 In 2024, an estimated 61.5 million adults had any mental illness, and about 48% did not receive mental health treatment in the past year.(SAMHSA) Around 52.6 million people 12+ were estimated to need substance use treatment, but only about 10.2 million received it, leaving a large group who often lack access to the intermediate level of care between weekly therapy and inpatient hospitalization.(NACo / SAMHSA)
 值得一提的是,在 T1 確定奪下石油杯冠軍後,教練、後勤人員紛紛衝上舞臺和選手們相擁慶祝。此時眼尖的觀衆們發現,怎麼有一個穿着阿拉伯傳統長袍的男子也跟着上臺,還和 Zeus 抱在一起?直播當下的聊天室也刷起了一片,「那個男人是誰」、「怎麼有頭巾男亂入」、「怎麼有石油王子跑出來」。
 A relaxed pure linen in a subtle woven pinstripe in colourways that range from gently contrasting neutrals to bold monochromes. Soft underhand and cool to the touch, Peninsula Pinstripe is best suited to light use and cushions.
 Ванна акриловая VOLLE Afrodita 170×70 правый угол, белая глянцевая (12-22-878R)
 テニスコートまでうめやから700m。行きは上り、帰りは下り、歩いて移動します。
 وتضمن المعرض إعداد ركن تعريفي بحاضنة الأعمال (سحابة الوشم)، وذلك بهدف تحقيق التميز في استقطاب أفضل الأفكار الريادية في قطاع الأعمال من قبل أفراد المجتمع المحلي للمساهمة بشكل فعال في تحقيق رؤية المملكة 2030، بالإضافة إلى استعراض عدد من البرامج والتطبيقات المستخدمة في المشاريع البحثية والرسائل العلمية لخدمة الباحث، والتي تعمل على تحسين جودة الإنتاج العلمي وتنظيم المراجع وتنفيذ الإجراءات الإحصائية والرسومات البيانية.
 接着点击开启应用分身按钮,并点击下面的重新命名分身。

+ + + +

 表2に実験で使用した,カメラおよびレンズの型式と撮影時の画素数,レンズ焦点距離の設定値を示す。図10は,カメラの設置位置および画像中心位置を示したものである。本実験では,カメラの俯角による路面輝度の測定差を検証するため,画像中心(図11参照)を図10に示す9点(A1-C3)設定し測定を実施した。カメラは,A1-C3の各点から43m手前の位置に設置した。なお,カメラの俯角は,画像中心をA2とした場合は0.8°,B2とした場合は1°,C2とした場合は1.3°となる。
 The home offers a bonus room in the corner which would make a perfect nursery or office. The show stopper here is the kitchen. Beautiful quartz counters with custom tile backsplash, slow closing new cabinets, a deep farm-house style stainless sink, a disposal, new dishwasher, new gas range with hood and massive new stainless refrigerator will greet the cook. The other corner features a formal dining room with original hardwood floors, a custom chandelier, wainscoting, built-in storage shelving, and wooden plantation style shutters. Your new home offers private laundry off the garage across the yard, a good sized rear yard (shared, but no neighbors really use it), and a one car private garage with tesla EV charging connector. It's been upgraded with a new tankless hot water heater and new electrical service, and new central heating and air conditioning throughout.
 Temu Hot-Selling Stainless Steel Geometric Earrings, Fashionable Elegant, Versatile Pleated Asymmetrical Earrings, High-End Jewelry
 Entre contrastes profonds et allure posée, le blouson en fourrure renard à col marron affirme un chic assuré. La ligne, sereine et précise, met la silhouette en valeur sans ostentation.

+ + + +

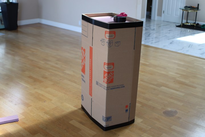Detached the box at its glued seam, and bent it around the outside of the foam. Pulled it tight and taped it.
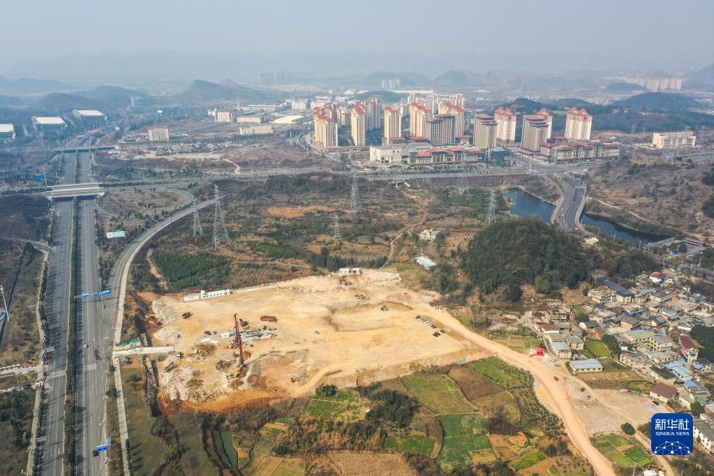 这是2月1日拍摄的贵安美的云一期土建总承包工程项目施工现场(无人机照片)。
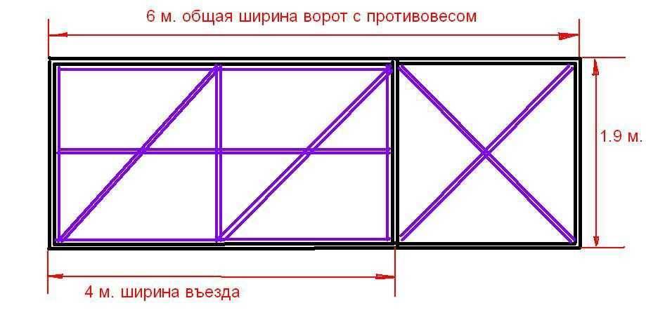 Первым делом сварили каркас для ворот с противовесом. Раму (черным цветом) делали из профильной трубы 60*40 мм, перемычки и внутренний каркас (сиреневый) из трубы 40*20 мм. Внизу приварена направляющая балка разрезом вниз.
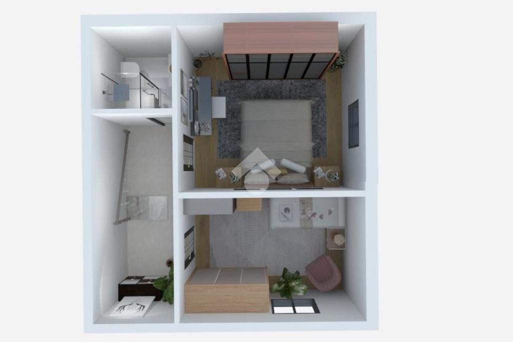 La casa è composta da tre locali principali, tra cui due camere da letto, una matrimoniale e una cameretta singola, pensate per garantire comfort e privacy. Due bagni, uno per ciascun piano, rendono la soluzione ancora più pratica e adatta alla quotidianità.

+ + + +

REQUIRED ACTION → Where a line in the records above contains the word "range", copy that line.

OUTPUT FOR THIS TASK →
 A relaxed pure linen in a subtle woven pinstripe in colourways that range from gently contrasting neutrals to bold monochromes. Soft underhand and cool to the touch, Peninsula Pinstripe is best suited to light use and cushions.
 The home offers a bonus room in the corner which would make a perfect nursery or office. The show stopper here is the kitchen. Beautiful quartz counters with custom tile backsplash, slow closing new cabinets, a deep farm-house style stainless sink, a disposal, new dishwasher, new gas range with hood and massive new stainless refrigerator will greet the cook. The other corner features a formal dining room with original hardwood floors, a custom chandelier, wainscoting, built-in storage shelving, and wooden plantation style shutters. Your new home offers private laundry off the garage across the yard, a good sized rear yard (shared, but no neighbors really use it), and a one car private garage with tesla EV charging connector. It's been upgraded with a new tankless hot water heater and new electrical service, and new central heating and air conditioning throughout.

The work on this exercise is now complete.